Problem to solve: Copy the material below verbatim from the line with "Gabardina clásica ligera" to the line with "[뉴스핌=조한송 기자] 다음은 17일 코스피시장 자기주식매매 신청내역이다.", both lines included, omitting pictures and every line outside that range.

Data to process:
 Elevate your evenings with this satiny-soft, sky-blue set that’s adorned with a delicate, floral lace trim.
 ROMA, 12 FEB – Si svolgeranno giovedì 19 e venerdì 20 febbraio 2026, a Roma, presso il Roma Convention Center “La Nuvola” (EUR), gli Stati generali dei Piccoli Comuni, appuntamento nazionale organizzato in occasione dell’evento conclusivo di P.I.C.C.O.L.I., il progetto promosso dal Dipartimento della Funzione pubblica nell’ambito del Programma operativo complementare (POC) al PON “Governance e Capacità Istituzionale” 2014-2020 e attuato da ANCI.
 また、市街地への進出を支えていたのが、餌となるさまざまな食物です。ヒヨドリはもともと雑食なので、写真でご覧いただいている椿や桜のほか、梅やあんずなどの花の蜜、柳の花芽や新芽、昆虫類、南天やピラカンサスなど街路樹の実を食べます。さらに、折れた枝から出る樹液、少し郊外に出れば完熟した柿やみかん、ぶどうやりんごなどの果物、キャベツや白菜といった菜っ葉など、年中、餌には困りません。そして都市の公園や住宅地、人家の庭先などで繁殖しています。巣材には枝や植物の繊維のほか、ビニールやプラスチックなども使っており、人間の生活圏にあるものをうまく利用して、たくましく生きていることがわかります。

==

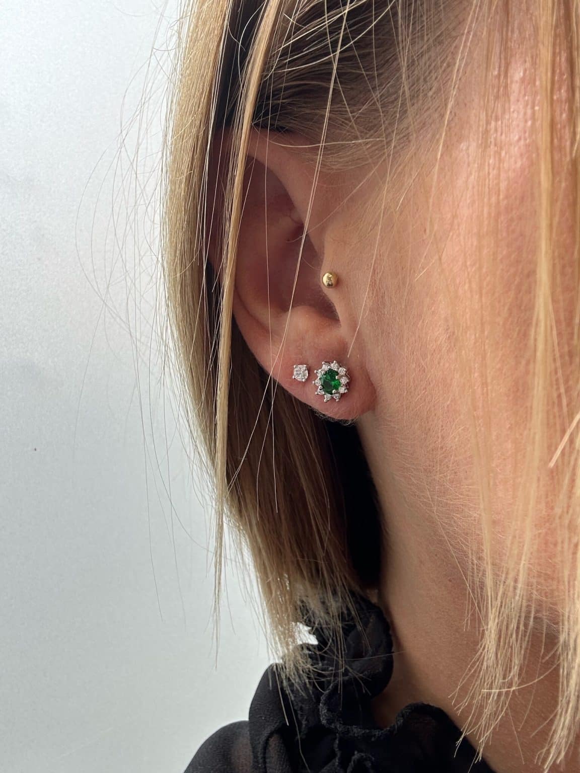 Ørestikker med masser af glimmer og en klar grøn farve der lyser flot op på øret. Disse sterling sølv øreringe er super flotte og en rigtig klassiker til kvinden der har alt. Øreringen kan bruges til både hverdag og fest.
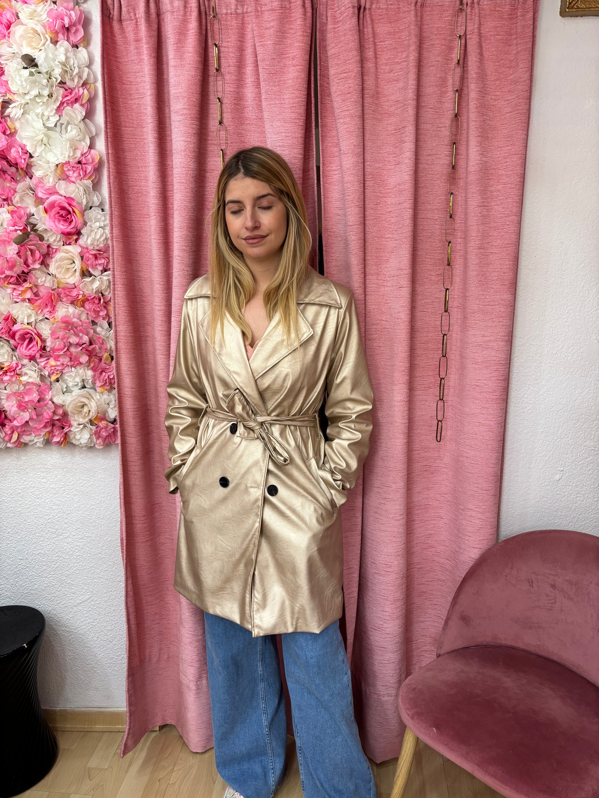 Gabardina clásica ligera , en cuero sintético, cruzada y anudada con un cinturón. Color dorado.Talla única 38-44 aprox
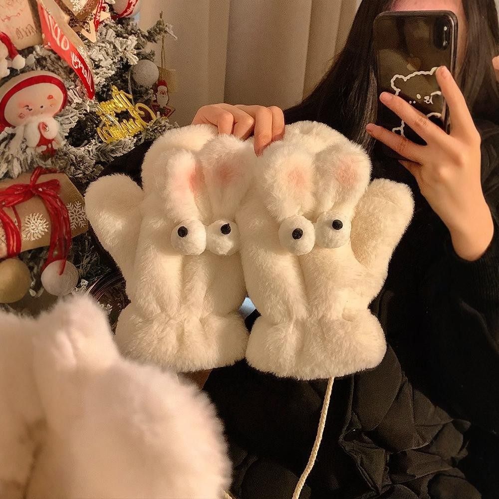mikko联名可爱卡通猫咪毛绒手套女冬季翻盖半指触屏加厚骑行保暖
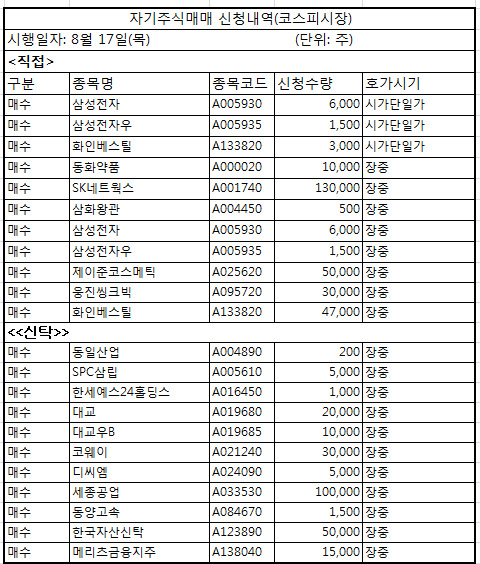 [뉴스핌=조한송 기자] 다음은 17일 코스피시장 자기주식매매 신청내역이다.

...

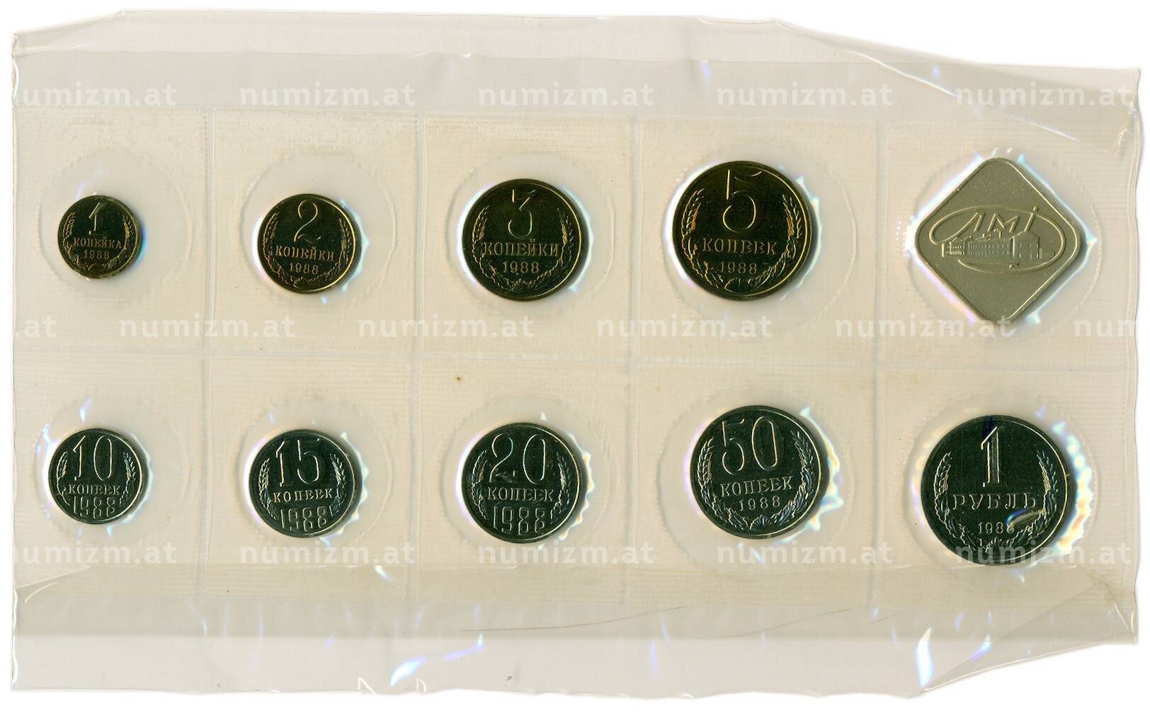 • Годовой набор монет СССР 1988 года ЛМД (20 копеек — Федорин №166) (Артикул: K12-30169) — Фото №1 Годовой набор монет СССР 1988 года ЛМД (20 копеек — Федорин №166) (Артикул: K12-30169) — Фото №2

Solution to the exercise:
 Gabardina clásica ligera , en cuero sintético, cruzada y anudada con un cinturón. Color dorado.Talla única 38-44 aprox
mikko联名可爱卡通猫咪毛绒手套女冬季翻盖半指触屏加厚骑行保暖
 [뉴스핌=조한송 기자] 다음은 17일 코스피시장 자기주식매매 신청내역이다.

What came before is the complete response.